# NAMA is the new owner of the apartment I rent?



## HighLow (30 Jun 2010)

I have just been informed the apartment I am renting in has now been transferred to NAMA. The landlord has asked me to change my bank details etc....

I am looking at the moment to BUY a property, is there any sense in contacting NAMA and seeing if I can buy the above mentioned property at a knock down price?


Regards
High Low


----------



## jpd (30 Jun 2010)

I don't think that NAMA has taken over any properties yet - as far as I know, it has only taken over the loans used to build the properties.


----------



## HighLow (30 Jun 2010)

So by paying NAMA the rent every month, are you saying the property is still owned by the landlord? this can only be a way to keep prices artificially high?

I know for a fact that the new back account details belong to NAMA...
I wonder if the house could be considered "FOR SALE"...


----------



## j26 (30 Jun 2010)

Sounds odd, beasuse already said NAMA hasn't taken over property yet, merely ownership of the mortgages.
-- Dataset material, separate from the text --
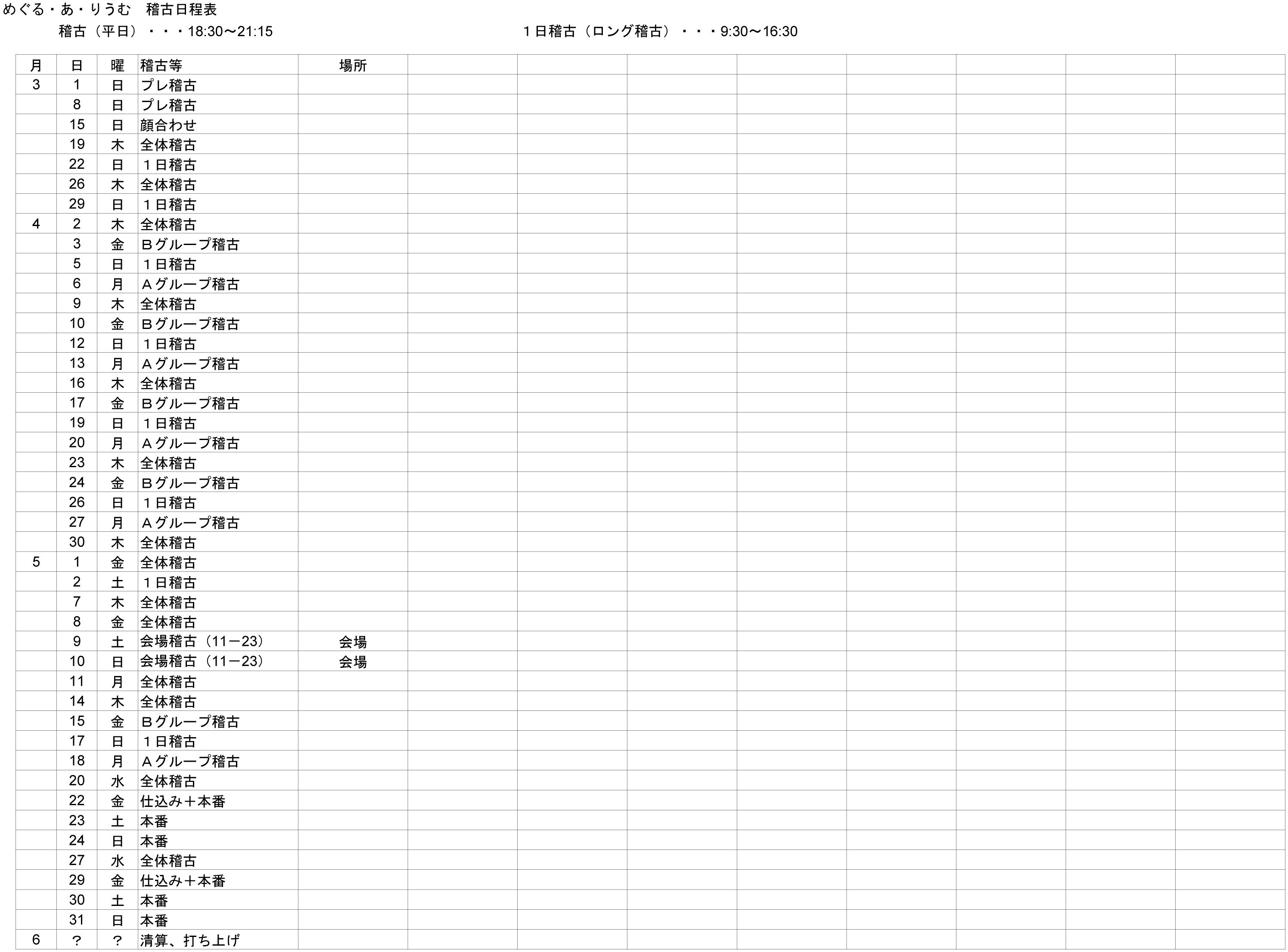 めぐる・あ・りうむ 2014/12/04 2015年公演、キャスト募集! SAY企画では、2015年5月に行う公演のキャストを募集しております。私達と『SAYしたいアナタ』のご応募、お待ちしております。 ・・・・・・・ SAY企画vol3 [めぐる・あ・りうむ] 【キャスト参加者募集】 〇〇な性格の××座、△座と◇座は相性抜群― 星占いでお馴染みの12星座をモチーフにした12の物語のものがたり。 ―応募― 参加をご希望の方は、必要事項を記入の上、下記連絡先までご応募ください。 ご質問やご相談などある場合も、同じ連絡先までお問い合わせください。 〇応募期間 2014年12月1日~2015年2月4日(必着) 〇オーディション ・日時 ① 2015年2月6日(金) 19:00開始 ② 2015年2月7日(土) 14:00開始 ☆受付は開始の15分前 ☆どうしても日程が合わない場合は、可能であれば個別に対応いたします。 ・場所 東京都品川区内公共施設(応募者にのみ通知) ・参加費用 500円 〇募集人数 男女合わせて9名 ・募集とは別に決定しているキャストが4人おり、合計で13人で上演します ・決定済みのキャストは主催団体出演者です 〇応募から合格までの流れ ・参加希望の旨を、下記連絡先までご応募ください。 おってこちらからオーディションに関する詳細をお送りします。 ・オーディション(参加費は当日お支払いください) ・オーディションから数日以内に、合格者に連絡し、参加の意思を最終確認 ・必要に応じて顔合わせなどを行った上で、正式に合格 ―役者条件等― ・チケットノルマ 15枚 ※不足分は公演後、清算会にて清算 ・チケットバックあり ノルマ(15枚)越え1枚につき50%(1100)円バック ※リピーター割引の場合などは、0.5枚分換算 ・デポジット(預り金)1万円を顔合わせまでに納付。公演終了後反省会にて返却 ※ノルマ未達成時、デポジットにて清算 ・稽古に8割程度は参加できること ・スタッフワークを含む企画に協力してくれること ―必要事項― 氏名(本名)、芸名、フリガナ、性別、年齢、芸歴(受賞歴、出演歴、学歴)等、所属事務所・団体、連絡先(電話・メール)、 オーディション希望日(とくになければ『全て』も可)、参加理由、特記事項、 〇添付 ・本人写真(バストアップと全身。ご本人のみ映っていれば、種類や背景は問いません) ・他、ボイスサンプルや出演作品(データの送信または閲覧視聴可能なURL可)など参考として提出したいもの 原則として頂いた資料の返却はいたしません。 複製が難しいものは送付せず、コピーなどをお送りください。 ―公演概要― 【めぐる・あ・りうむ】 〇日程 2015年 5月22日(金)A 23日(土)B+A 24日(日)A+B 29日(金)B 30日(土)A+B 31日(日)B+A 6日10回公演(各回25席~30席予定) ※金曜日は、仕込み+公演 ―補足― ・公演は、A公演とB公演で2種類あり ・それぞれ共通のOPとED(全員出演)があるが、演目は公演ごとに違う ・AB両方の話に出る役、Aのみ出る役、Bのみ出る役の3種類 〇場所 『兎亭』 東京都練馬区旭丘1ー46ー15 金建ビルB1 最寄り:西武池袋線 江古田駅 徒歩5分/都営地下鉄大江戸線 新江古田駅 徒歩10分 〇料金 予約・前売→2200円 当日→2500円 リピーター→1100円 〇公演時間 A公演 3本~4本 90分~100分(予定) B公演 3本~4本 90分~100分(予定) ―でてくる人(仮) ・ストーカーカメラマン ・性同一性障害? の双子 ・ガメツイ占い師 ・先生と呼ばれる幽霊 ・ポジティブ女社長 ・ネガティブ葬儀屋 ・コスプレ何でも屋 ・貢がせ系悪女 ・元社畜 ・騙されイケメン ・2ちゃんねらー主婦 ・貧乏プラネタリウム館長 ―スケジュール― 12月 キャスト募集開始 2月 オーディション 合否通知(必要に応じて事前確認等) 仮台本配布 3月 顔合わせ 5月 本番 6月 清算、打ち上げ 〇稽古について 3月中旬より開始 ・Aグループ稽古(夜) 月曜日 ・Bグループ稽古(夜) 金曜日 ・全体稽古(夜) 木曜日 ・全体1日稽古(朝夕) 日曜日 ※稽古日程(予定)に関する詳細は、下記画像をご覧ください ―SAY企画とは?― SAY企画の特徴をさっとご紹介 ・アナタの身近に役者と演劇と物語を ・現代ベースの物語を、演出方法の違うオムニバスで ・カフェやイベントスペースなど一風変わった空間で ・お帰りのさいは、明日もがんばれるようなお話を そんなことをイメージして立ち上げたユニット。 年2回の活動を目指して、第3回目に突入! ―スタッフ― 企画:SAY企画/めありー制作チーム 原作:Yunomi 作:Yunomi&しいか 演出:島崎敦毅 制作:茅野奏 制作協力:表現集団ATP ―連絡先― 電話・FAX 03-6426-8085(制作:表現集団ATP) 郵送 〒142-0053 東京都品川区中延4-21-11 パールハイツ105 SAY企画 メール say_info@yahoo.co.jp(SAY企画) 公式ブログ http://say.o-oi.net/ ツイッター @saykikaku
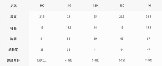 1. 尺寸表單位皆為公分(cm),實際尺寸會因布料彈性、水洗、測量起迄點等因素略有誤差。

However, it is possible that the developer has reached an arrangement where all of the rent will be paid to NAMA to help service the mortgage.


----------



## VOR (23 Jul 2010)

I recently spoke to a coffee shop owner who said she now pays her monthly lease directly to Anglo. Anglo do not own the building, just the debt. The payments no longer goes to the landlord. I would be quite suprised if NAMA did not do the same thing and have rent assigned directly to them.
I would bet that payments going in to many bank accounts would be gobbled up and never materialise as income to NAMA if they did not do this.
I would consider this prudent as we (NAMA, that is) hardly want to buy the debt from the banks and then not get the income.


----------



## Slash (27 Jul 2010)

HighLow said:


> I have just been informed the apartment I am renting in has now been transferred to NAMA. The landlord has asked me to change my bank details etc....
> 
> I am looking at the moment to BUY a property, is there any sense in contacting NAMA and seeing if I can buy the above mentioned property at a knock down price?
> 
> ...



Don't change your bank details until you receive something in writing from NAMA. Your lease (i.e. contract) is still with the landlord.


----------



## Chris Gough (30 Jul 2010)

Seems all very in the dark, with people unclear what is happening. NAMA need to be informing tenants as well as everyone else what is happening.


----------